The boys of course had no need other than that of their raging testosterone levels to smoke behind the beach huts as the monks in their infinite wisdom had provided a smoking room for the use of both Sixth formers and staff alike - rumour had it that a glass of port was also available to the upper echelons of the prefecture.

The code words used were all relating to a subject which was so taboo, so private, feminine, intimate and entirely natural thus leaving the guilty perpetrators both above suspicion and entirely without interrogation.

The word used in place of cigarette was tampon.

Many times in faux cockney accents home counties 'gels' could be heard calling across classrooms, "Oi! You got any tampons? I'm desperate for a slash!"

One of my friends decided she would like to become one of the Mockney 'in crowd' and take up tampon use. Unfortunately she thought that when they discussed boxes of twenty they were in fact referring to boxes of twenty Tampax or maybe even Lil-Lets.

My friend Ann dreamed of the day when she too could take up roller-skating - preferably being pulled along by a large slavering Dalmatian whilst she screamed from the top of her lungs something about "Waaaaaaaaaaaa! Booooooddddyyyyy Fooooooooorrrrrrrmmmmmm!"

So Ann, being a boarder and thus without ready access to tampons - real or smoked - employed another friend of mine, Jules, in her explorations leading to becoming one of the Tampon Users. Jules purchased a pack of ten for Ann and then retired to a safe distance (the common room) while Ann took her plan another step forward.

That afternoon passed without incident although Ann continued to look uncomfortable throughout.
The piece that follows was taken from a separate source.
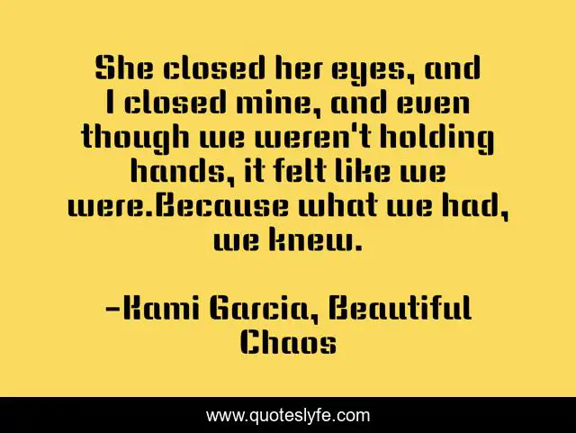This page presents the quote "She closed her eyes, and I closed mine, and even though we weren't holding hands, it felt like we were.Because what we had, we knew.". Author of this quote is Kami Garcia, Beautiful Chaos. This quote is about forever, love, comfort, holding-hands, affection, togetherness,.

The following day all became clear and Ann gained for herself a new nickname - The Cardboard Kid.

For those of you unacquainted with the physics of applicator tampons, they come ready loaded, as it were, within a telescopic cardboard casing.
The casing is inserted, the lower telescopic tube then pushed gently within the upper tube thus expelling and correctly seating the tampon.
The cardboard casing, both tubes now one within the other, are withdrawn, leaving the user comfortable and able to take up roller-skating.

Unfortunately Ann had not bothered to read the instructions, so keen she was to become a Tampon User. This had resulted in her leaving the tubing in place.

All day.

Ann was put off tampon use for life.

She was already a smoker and continues to smoke to this day, the 'in crowd' however never took her into their inner circle so she like the boys next door had to continue to bum fags.
(, Tue 25 Mar 2008, 0:13, 20 replies)
I started smoking at the age of 17.
It was New Years Eve, and I figured I'd try it. I now smoke a pack a day.
But that's boring, so I'll tell you another story.
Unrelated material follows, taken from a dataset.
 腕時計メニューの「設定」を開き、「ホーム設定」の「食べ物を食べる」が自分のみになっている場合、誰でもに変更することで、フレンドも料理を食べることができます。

There was one point where only my stepfather (out of the family) knew I smoked. I was on the bus to college one morning, and delved into my bag for something. Lo, there's 10 B&H in there and I knew I hadn't bought them. Jubilantly, I bring them out but there's a message on the packet......

"I would love to kiss you all over your lovely body and I mean ALL over"

It was in my stepfathers very distinct handwriting. Now, he'd been abusing me since I was 13 and that was the final straw.
I got home from college and called the police, I then sat my twin brother down and told him what was going on.
Mum and the dwarf were out for dinner that night, so when mum got home my brother and I called her upstairs and told her.
The hardest thing.........."what do you mean you smoke? You shouldn't smoke!"

After that I left home that weekend. The evil fucker died 3 years ago (yay!!!!!!) of lung cancer.

The sad thing is, most of you know my mum died four weeks ago..........also of lung cancer.......I'm still smoking. Gah!